On the face of it, one could thus speak of a net benefit for consumers. However, our data also shows that uptake of the new protocol version is remarkably different outside the ecosystem of the companies that drove the development of TLS 1.3—as in com/net/org and most ccTLDs, especially the important zones de and fr, which have a very low adoption rate. While the big providers profit from their ability to test-drive new protocols in many variants, providers like Amazon or Azure control only one endpoint and have a competitive disadvantage when developing a roll-out strategy. In the history of TLS, this is an unprecedented situation. In our view, the question will be whether the current market concentration of TLS 1.3 will attract more customers to the big providers—to their Web services and clients alike—or whether the playing field will be level eventually. We note that similar questions surround other network protocols like QUIC.

TLS 1.3 has a strong, positive impact on privacy. While the server name is not (yet) encrypted, nearly everything else of importance is. This makes it difficult to deploy passive measurements to understand issues with new protocols. Compared to previous studies on TLS 1.2, we were already able to gather less data about TLS 1.3 details. Active scans can help to some degree, but they have an impact on the Internet’s server population and they are not a good method to test the many varieties of TLS 1.3 and future protocols that may be test-driven in the field before standardization. In fact, the aforementioned providers are once again in the best position to understand the development of new security protocols. Although they seem keen at this stage to share their insights with the research and development community, this may collide with business interests at some points. It seems worthwhile to think about methods of collaboration to develop new protocols.

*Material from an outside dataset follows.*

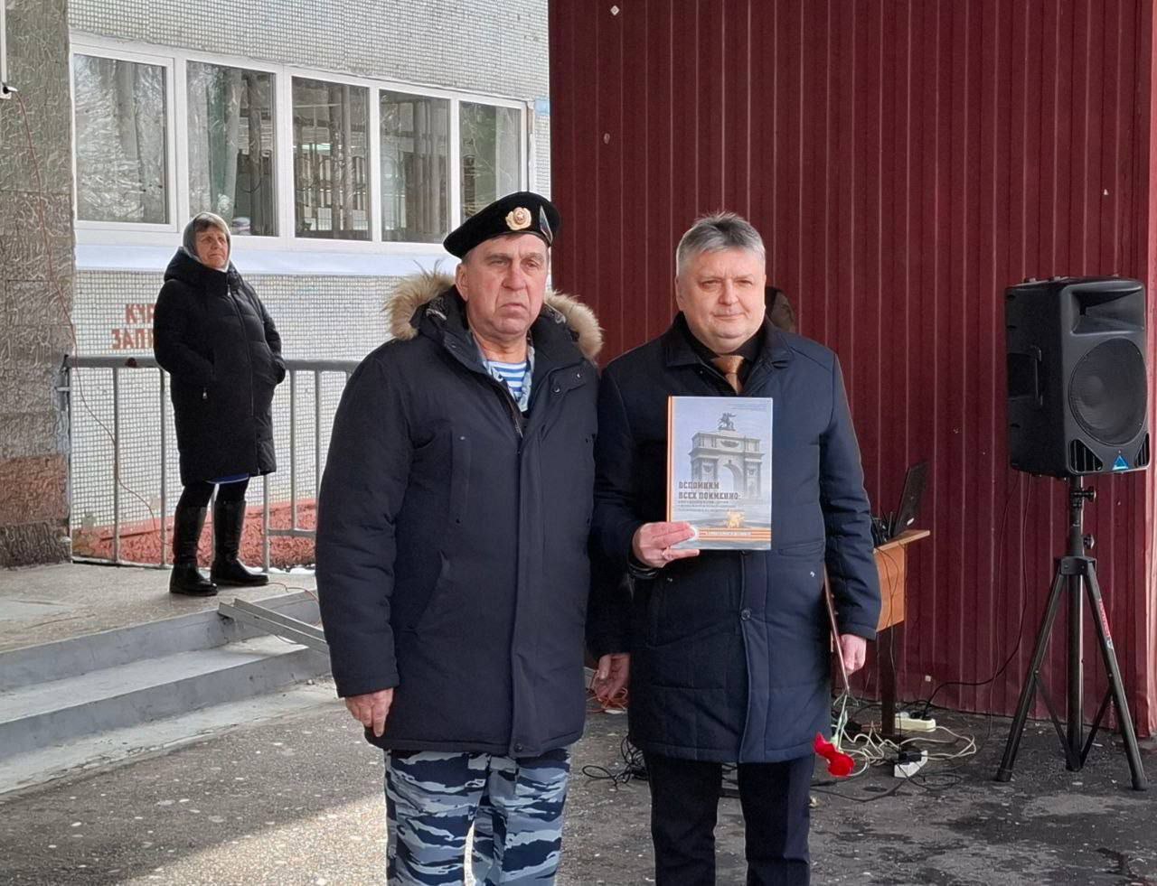 Член совета Курского отделения Ассоциации ветеранов боевых действий органов внутренних дел и Внутренних войск России Владимир Быканов рассказал собравшимся, что вышел новый том издания, посвященного землякам, погибшим на СВО, в том числе выпускникам школы № 29. Он вручил экземпляр книги «Вспомним всех поименно» Сергею Острикову.

One interesting lesson from the deployment of TLS 1.3 is the difficulty of introducing this new version—even though TLS had version numbers, middleboxes and server software did not cope well with higher version numbers, triggering several protocol redesigns. Google tries to prevent this from happening again by introducing random numbers to a lot of handshake elements (like the supported version extension) - it will be interesting to see if this approach succeeds.

7. Reproducible Research

We wish to support other researchers repeating, replicating, or reproducing our measurements. We publish all tools used in the preparation and execution of our active scans and the code for each analysis step. We will release our data of active scans in both raw (PCAP traces) and processed format (CSV). We cannot release data from passive monitoring or Lumen collection for ethical and legal reasons.

8. Conclusion

We presented a first study of deployment and use of TLS 1.3, including use in mobile applications. Our key finding is that TLS 1.3 has considerable deployment already. However, this is linked to strong market concentration: very few providers like Cloudflare control a large number of domains and roll out the new protocol. Deployment elsewhere is strongly lagging behind. In the mobile ecosystem, Google and Facebook are the dominant users. In our passively obtained data, we also observe that TLS 1.3 is mostly used in connections that terminate at servers of these two companies, highlighting their importance for consumers.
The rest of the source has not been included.